For my kid with allergies, I really preferred to train any new caregiver myself, in person, and have them help me manage his food at least once while I was present, before I left them alone to handle him. That way I could see if they were able to juggle the issue of cross-contamination, making sure they paid close attention so he wouldn't grab other people's food, putting food away right after the meal so it wasn't laying where he could get into it, recognizing the signs of an allergic reaction, etc. It's not trivial, it requires someone who has enough energy and familiarity with the intricacies and it's a LOT to learn. And on top of that, toddlers are really hard work and very tiring. It's hard to force yourself to implement complicated new information when simultaneously you have a whirling dervish running around trying to find every choking hazard and eat it.

How is your dh with him? If you ask your dh to handle the food, will he do it, and do it properly? Or will he say "yes" and then leave his mother to handle the food on her own?

rogueone · 28/06/2023 18:27

well I know my mum hardly sees my kids due to distance but they love hanging out with her. If your DS is around people who love him and are relaxed he will be fine. If you think MIL. FIL and DH are negligent then send him to your mums

Lefteyetwitch · 28/06/2023 18:42

YABU DH is his parent and will be present. He can then decide if DS is happy and if not he will have to stop and tend to his child.

Squashyy · 28/06/2023 20:04

10 times in 20 months isn’t a lot when most of those visits have been us visiting them.

She is certainly ‘I know best’ kind of MIL and I’d be lying if I said we had a good relationship, it was ok actually until DS was born. She’s very undermining and comes out with things ‘oh you still don’t give him dairy’ - it’s not through choice. I’m ‘mean’ because he doesn’t get ice cream or chocolate. He’s also allergic to nuts so I think I’m entitled to be wary about who looks after him.

To be honest if DH is up to his eyes ripping out a bathroom I don’t think he can be expected to drop all to tend to DS so I am fairly certain his mum would be left to mind him which is what makes me unhappy. If he was going to be present and not busy it wouldn’t be an issue.

OP posts:
ApplesInTheSunshine · 28/06/2023 20:06

Yeah YANBU. I wouldn’t be leaving your child in her care.

Squashyy · 28/06/2023 20:09

If I'm completely honest I do not trust her at all with him.

When he was little every time he cried he was hungry. If he pooped he needed another feed etc. She has quite openly judged every aspect of my parenting so I don't feel like I owe her anything. You can't treat me like crap and expect to be rewarded by minding my child that you don't know through no fault of mine.

OP posts:
Grumpyfroghats · 28/06/2023 20:14

Is babysitting a toddler a "reward"? I would have viewed it as the opposite!

I think your DH is around, it would be fine myself

Lefteyetwitch · 28/06/2023 21:22

Squashyy · 28/06/2023 20:04

10 times in 20 months isn’t a lot when most of those visits have been us visiting them.

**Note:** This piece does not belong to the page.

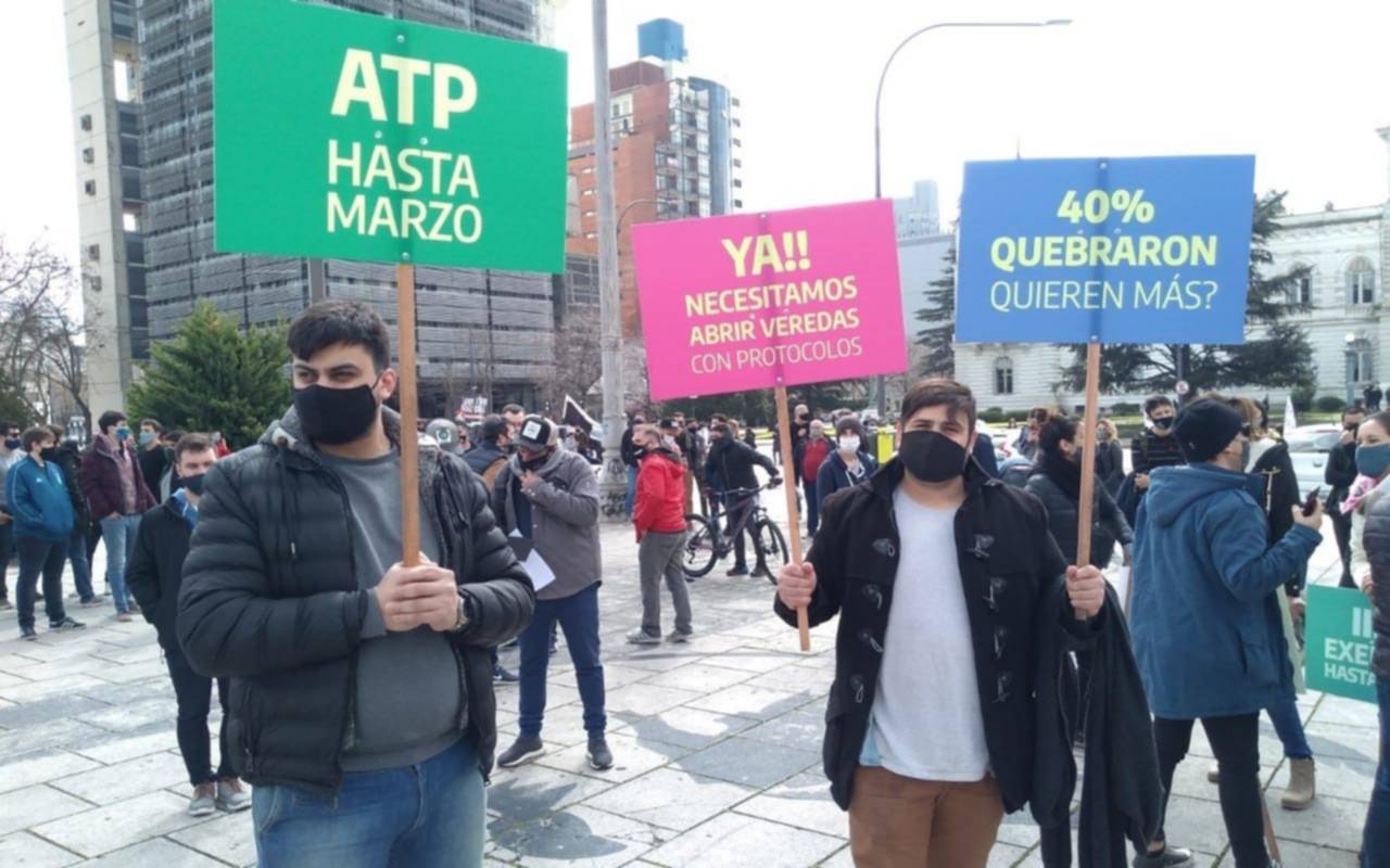 Mientras el grueso se ubicó en Plaza Moreno con carteles solicitando mayor apertura y la continuidad del programa ATP hasta el año próximo, un grupo se reunió con el secretario de Coordinación, Oscar Negrelli, para dialogar sobre la problemática que atraviesa el sector.

She is certainly ‘I know best’ kind of MIL and I’d be lying if I said we had a good relationship, it was ok actually until DS was born. She’s very undermining and comes out with things ‘oh you still don’t give him dairy’ - it’s not through choice. I’m ‘mean’ because he doesn’t get ice cream or chocolate. He’s also allergic to nuts so I think I’m entitled to be wary about who looks after him.

To be honest if DH is up to his eyes ripping out a bathroom I don’t think he can be expected to drop all to tend to DS so I am fairly certain his mum would be left to mind him which is what makes me unhappy. If he was going to be present and not busy it wouldn’t be an issue.

And then that decision would be your DHs. His other parent.